• TASK GOAL:
Only one span is wanted from the lines below: from the one with "자리에 앉자마자 메뉴판을" up to and including the one with "高正礼教授在报告中,结合安徽". Copy it exactly, without images.

• GIVEN RECORDS:
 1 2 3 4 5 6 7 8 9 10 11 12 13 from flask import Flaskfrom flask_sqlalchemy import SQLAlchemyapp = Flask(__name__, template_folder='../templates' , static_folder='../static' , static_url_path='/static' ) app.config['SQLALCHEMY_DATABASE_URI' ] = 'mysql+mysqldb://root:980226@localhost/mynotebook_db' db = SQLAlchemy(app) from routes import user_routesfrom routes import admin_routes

* * *

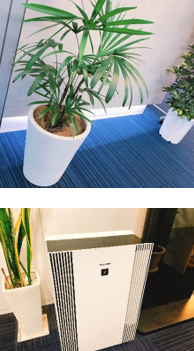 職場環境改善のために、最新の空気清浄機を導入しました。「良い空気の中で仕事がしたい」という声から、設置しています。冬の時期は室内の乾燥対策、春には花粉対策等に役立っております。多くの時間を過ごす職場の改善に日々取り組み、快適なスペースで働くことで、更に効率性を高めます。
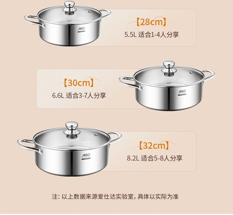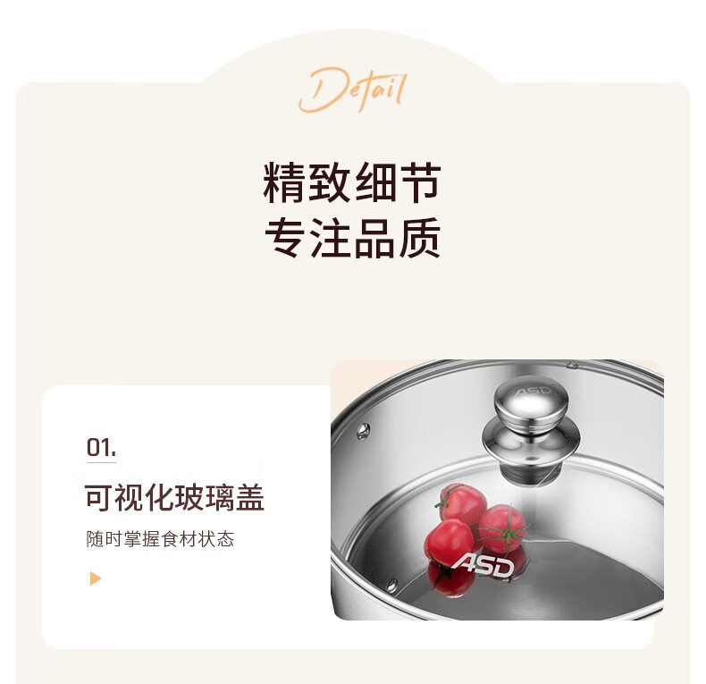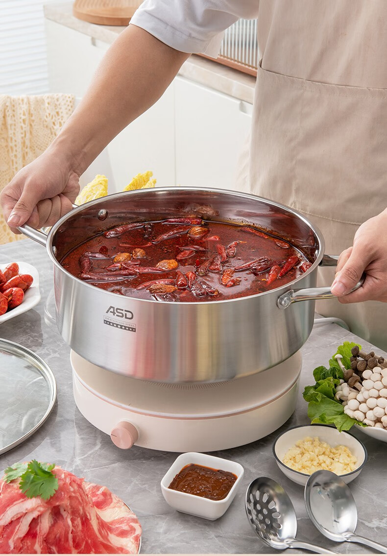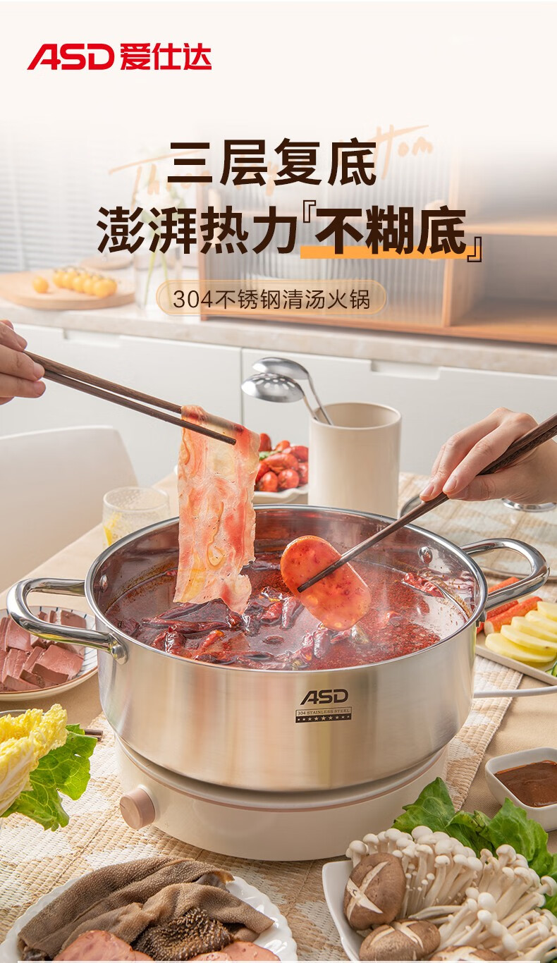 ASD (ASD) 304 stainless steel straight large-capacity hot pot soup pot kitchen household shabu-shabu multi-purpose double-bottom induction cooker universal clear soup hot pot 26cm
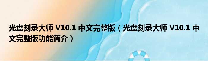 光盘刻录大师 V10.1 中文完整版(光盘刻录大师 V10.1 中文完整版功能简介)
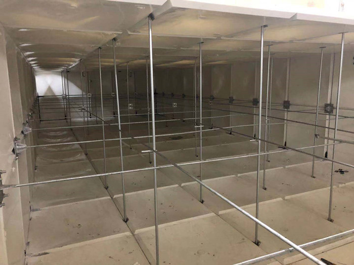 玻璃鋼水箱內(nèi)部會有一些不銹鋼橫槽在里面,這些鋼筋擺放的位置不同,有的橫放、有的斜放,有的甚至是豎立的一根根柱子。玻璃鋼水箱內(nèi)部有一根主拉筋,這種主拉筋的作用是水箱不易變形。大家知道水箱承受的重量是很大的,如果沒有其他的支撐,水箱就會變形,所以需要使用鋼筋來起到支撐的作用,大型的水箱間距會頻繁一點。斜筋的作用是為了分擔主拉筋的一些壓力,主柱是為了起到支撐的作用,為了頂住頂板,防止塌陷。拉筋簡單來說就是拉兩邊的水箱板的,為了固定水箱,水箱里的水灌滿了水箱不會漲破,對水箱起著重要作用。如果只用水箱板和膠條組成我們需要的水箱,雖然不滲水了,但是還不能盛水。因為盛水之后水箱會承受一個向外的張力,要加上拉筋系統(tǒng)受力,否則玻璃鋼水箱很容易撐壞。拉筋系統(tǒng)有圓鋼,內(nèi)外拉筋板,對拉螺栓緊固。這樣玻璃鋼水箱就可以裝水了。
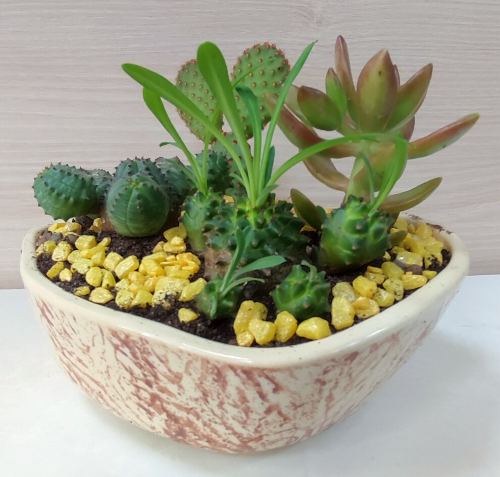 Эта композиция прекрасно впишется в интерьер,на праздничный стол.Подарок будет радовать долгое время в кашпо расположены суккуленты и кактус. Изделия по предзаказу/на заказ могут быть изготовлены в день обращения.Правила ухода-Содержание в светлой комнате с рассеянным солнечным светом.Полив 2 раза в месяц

--

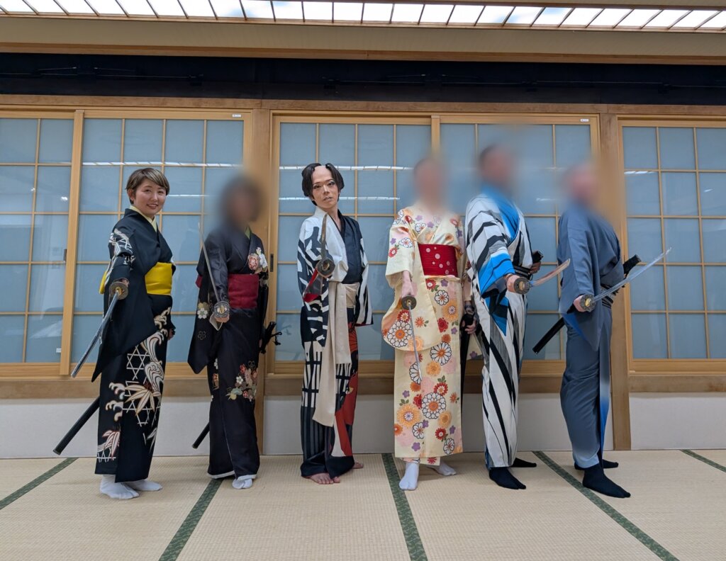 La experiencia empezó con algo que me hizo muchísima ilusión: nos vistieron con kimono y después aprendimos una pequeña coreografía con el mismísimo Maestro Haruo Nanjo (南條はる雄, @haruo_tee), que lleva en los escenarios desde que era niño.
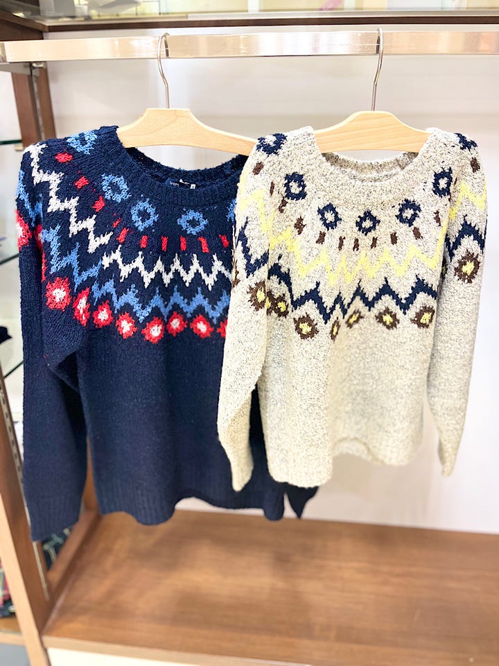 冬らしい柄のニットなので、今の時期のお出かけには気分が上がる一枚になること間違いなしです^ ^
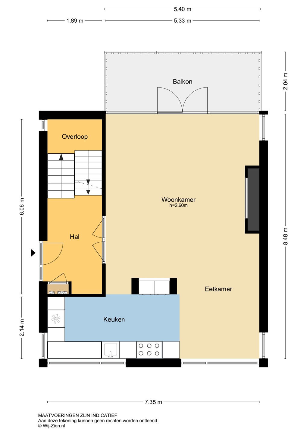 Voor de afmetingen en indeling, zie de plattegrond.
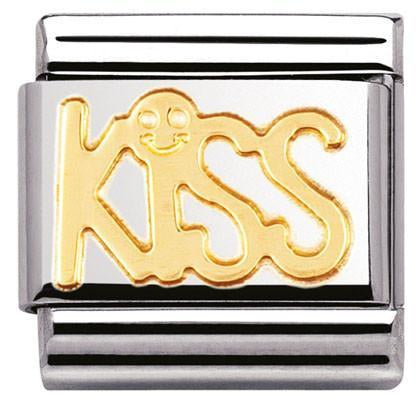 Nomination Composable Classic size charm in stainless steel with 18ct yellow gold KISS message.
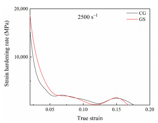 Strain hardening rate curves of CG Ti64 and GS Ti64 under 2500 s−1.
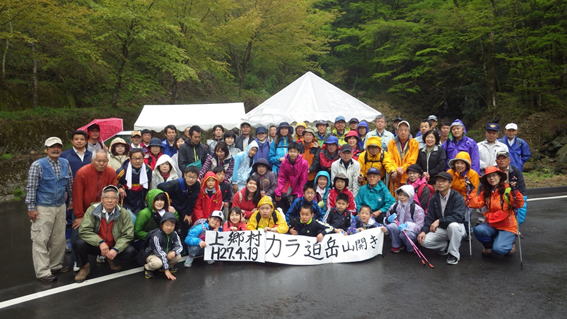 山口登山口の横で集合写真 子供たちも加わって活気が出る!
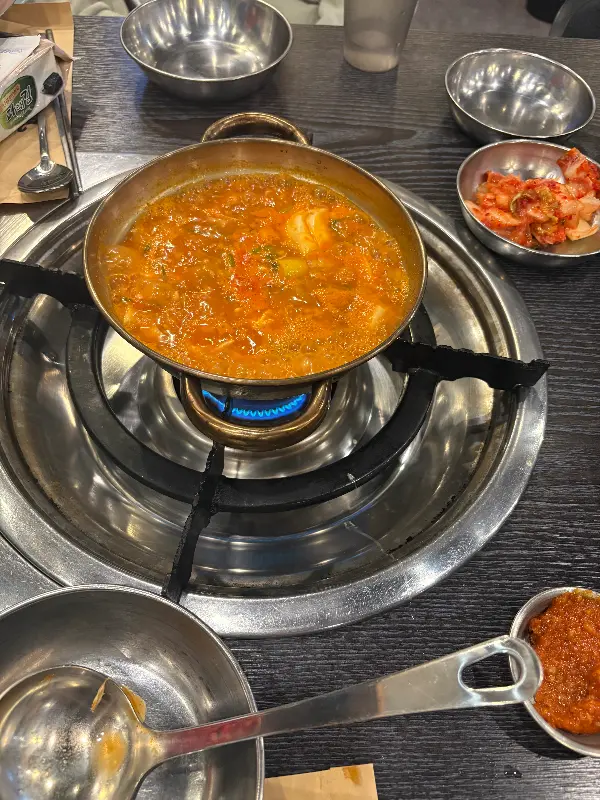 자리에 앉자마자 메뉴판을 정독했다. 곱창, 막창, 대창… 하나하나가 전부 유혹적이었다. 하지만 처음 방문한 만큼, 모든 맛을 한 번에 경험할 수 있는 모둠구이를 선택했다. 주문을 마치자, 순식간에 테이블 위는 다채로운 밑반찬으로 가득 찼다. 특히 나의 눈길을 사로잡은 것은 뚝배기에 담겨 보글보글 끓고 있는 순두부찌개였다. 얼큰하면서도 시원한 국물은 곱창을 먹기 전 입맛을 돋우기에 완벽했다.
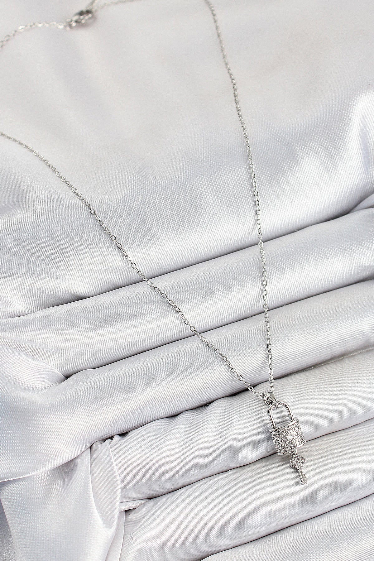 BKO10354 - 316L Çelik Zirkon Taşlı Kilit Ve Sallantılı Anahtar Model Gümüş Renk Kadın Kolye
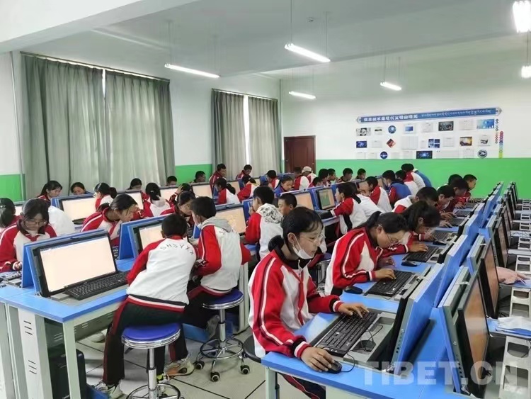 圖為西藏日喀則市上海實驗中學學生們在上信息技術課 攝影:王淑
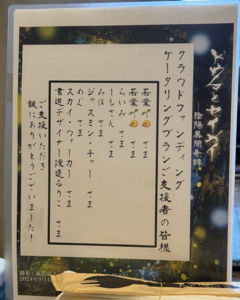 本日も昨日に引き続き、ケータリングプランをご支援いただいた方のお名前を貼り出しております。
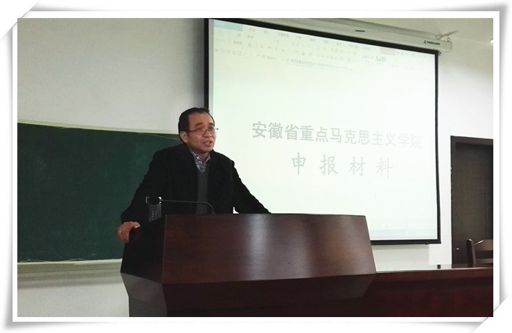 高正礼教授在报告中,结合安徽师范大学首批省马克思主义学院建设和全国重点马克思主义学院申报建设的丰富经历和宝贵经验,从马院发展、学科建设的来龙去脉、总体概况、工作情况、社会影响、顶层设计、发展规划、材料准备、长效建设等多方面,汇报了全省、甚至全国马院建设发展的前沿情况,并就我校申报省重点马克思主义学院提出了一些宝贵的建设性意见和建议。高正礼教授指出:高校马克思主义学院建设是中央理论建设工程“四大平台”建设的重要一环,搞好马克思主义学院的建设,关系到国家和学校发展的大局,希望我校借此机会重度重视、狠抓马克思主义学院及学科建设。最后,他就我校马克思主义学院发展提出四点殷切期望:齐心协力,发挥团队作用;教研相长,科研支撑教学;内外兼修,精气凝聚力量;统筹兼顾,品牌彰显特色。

• RESPONSE FOR THIS EXERCISE:
 자리에 앉자마자 메뉴판을 정독했다. 곱창, 막창, 대창… 하나하나가 전부 유혹적이었다. 하지만 처음 방문한 만큼, 모든 맛을 한 번에 경험할 수 있는 모둠구이를 선택했다. 주문을 마치자, 순식간에 테이블 위는 다채로운 밑반찬으로 가득 찼다. 특히 나의 눈길을 사로잡은 것은 뚝배기에 담겨 보글보글 끓고 있는 순두부찌개였다. 얼큰하면서도 시원한 국물은 곱창을 먹기 전 입맛을 돋우기에 완벽했다.
 BKO10354 - 316L Çelik Zirkon Taşlı Kilit Ve Sallantılı Anahtar Model Gümüş Renk Kadın Kolye
 圖為西藏日喀則市上海實驗中學學生們在上信息技術課 攝影:王淑
 本日も昨日に引き続き、ケータリングプランをご支援いただいた方のお名前を貼り出しております。
 高正礼教授在报告中,结合安徽师范大学首批省马克思主义学院建设和全国重点马克思主义学院申报建设的丰富经历和宝贵经验,从马院发展、学科建设的来龙去脉、总体概况、工作情况、社会影响、顶层设计、发展规划、材料准备、长效建设等多方面,汇报了全省、甚至全国马院建设发展的前沿情况,并就我校申报省重点马克思主义学院提出了一些宝贵的建设性意见和建议。高正礼教授指出:高校马克思主义学院建设是中央理论建设工程“四大平台”建设的重要一环,搞好马克思主义学院的建设,关系到国家和学校发展的大局,希望我校借此机会重度重视、狠抓马克思主义学院及学科建设。最后,他就我校马克思主义学院发展提出四点殷切期望:齐心协力,发挥团队作用;教研相长,科研支撑教学;内外兼修,精气凝聚力量;统筹兼顾,品牌彰显特色。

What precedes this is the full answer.